YOUR ASSIGNMENT: When you transcribe the lines below, keep every word the same and leave the pictures behind.

GIVEN INFORMATION:
_____

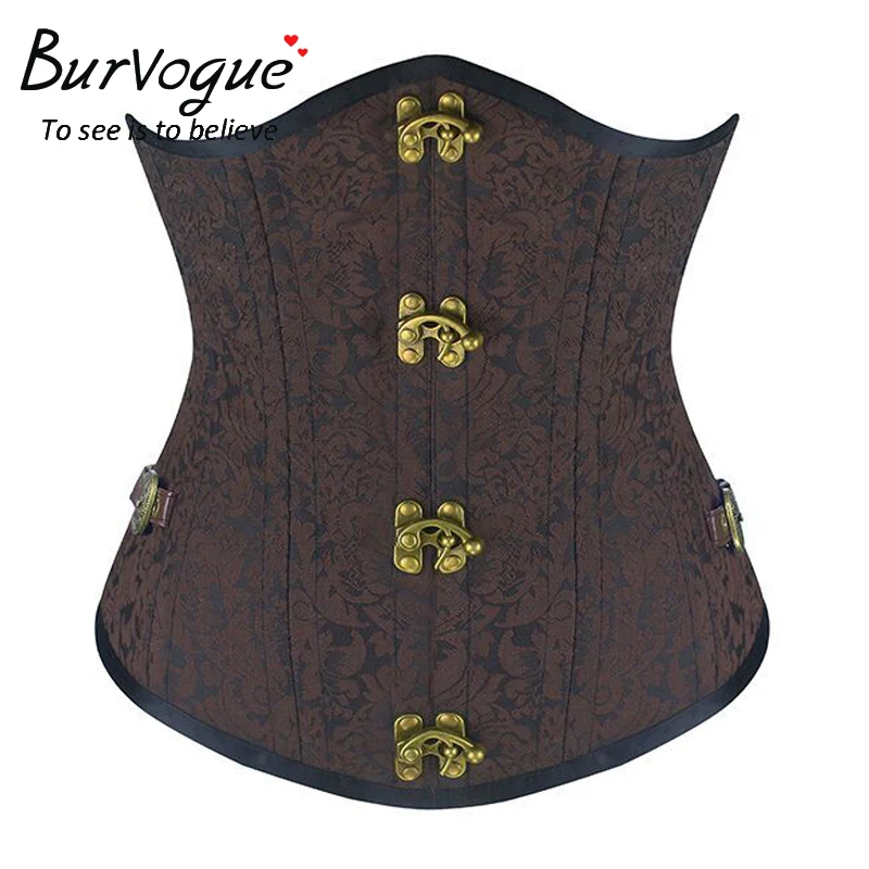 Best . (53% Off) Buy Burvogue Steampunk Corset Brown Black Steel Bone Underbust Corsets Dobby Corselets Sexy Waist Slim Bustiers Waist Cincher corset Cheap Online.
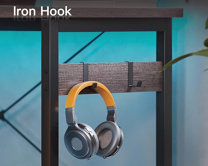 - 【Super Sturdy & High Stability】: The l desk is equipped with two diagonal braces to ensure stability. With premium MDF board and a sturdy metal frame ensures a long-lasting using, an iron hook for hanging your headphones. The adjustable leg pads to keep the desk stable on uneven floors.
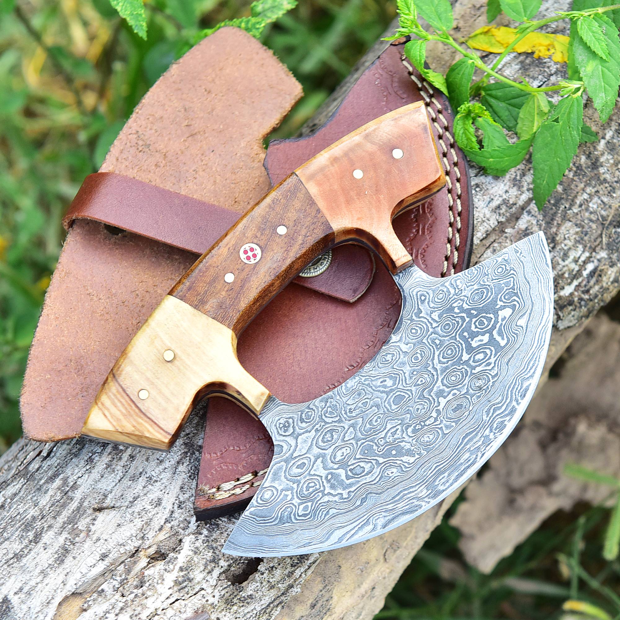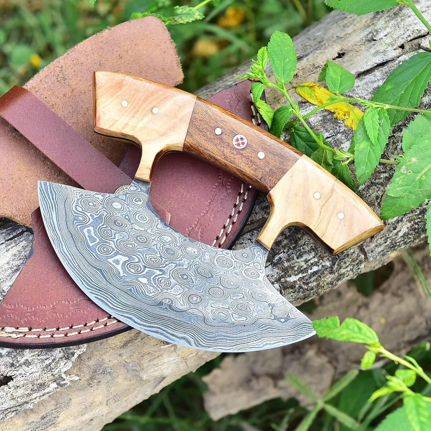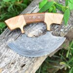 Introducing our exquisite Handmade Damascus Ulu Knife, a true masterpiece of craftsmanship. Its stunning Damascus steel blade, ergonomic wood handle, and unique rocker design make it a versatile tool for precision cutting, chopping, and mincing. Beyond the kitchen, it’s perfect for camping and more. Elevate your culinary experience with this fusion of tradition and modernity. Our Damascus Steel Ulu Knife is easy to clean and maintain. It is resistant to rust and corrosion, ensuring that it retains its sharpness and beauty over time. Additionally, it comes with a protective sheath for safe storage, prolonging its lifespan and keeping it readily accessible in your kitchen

_____

TASK RESULT:
 Best . (53% Off) Buy Burvogue Steampunk Corset Brown Black Steel Bone Underbust Corsets Dobby Corselets Sexy Waist Slim Bustiers Waist Cincher corset Cheap Online.
 - 【Super Sturdy & High Stability】: The l desk is equipped with two diagonal braces to ensure stability. With premium MDF board and a sturdy metal frame ensures a long-lasting using, an iron hook for hanging your headphones. The adjustable leg pads to keep the desk stable on uneven floors.
 Introducing our exquisite Handmade Damascus Ulu Knife, a true masterpiece of craftsmanship. Its stunning Damascus steel blade, ergonomic wood handle, and unique rocker design make it a versatile tool for precision cutting, chopping, and mincing. Beyond the kitchen, it’s perfect for camping and more. Elevate your culinary experience with this fusion of tradition and modernity. Our Damascus Steel Ulu Knife is easy to clean and maintain. It is resistant to rust and corrosion, ensuring that it retains its sharpness and beauty over time. Additionally, it comes with a protective sheath for safe storage, prolonging its lifespan and keeping it readily accessible in your kitchen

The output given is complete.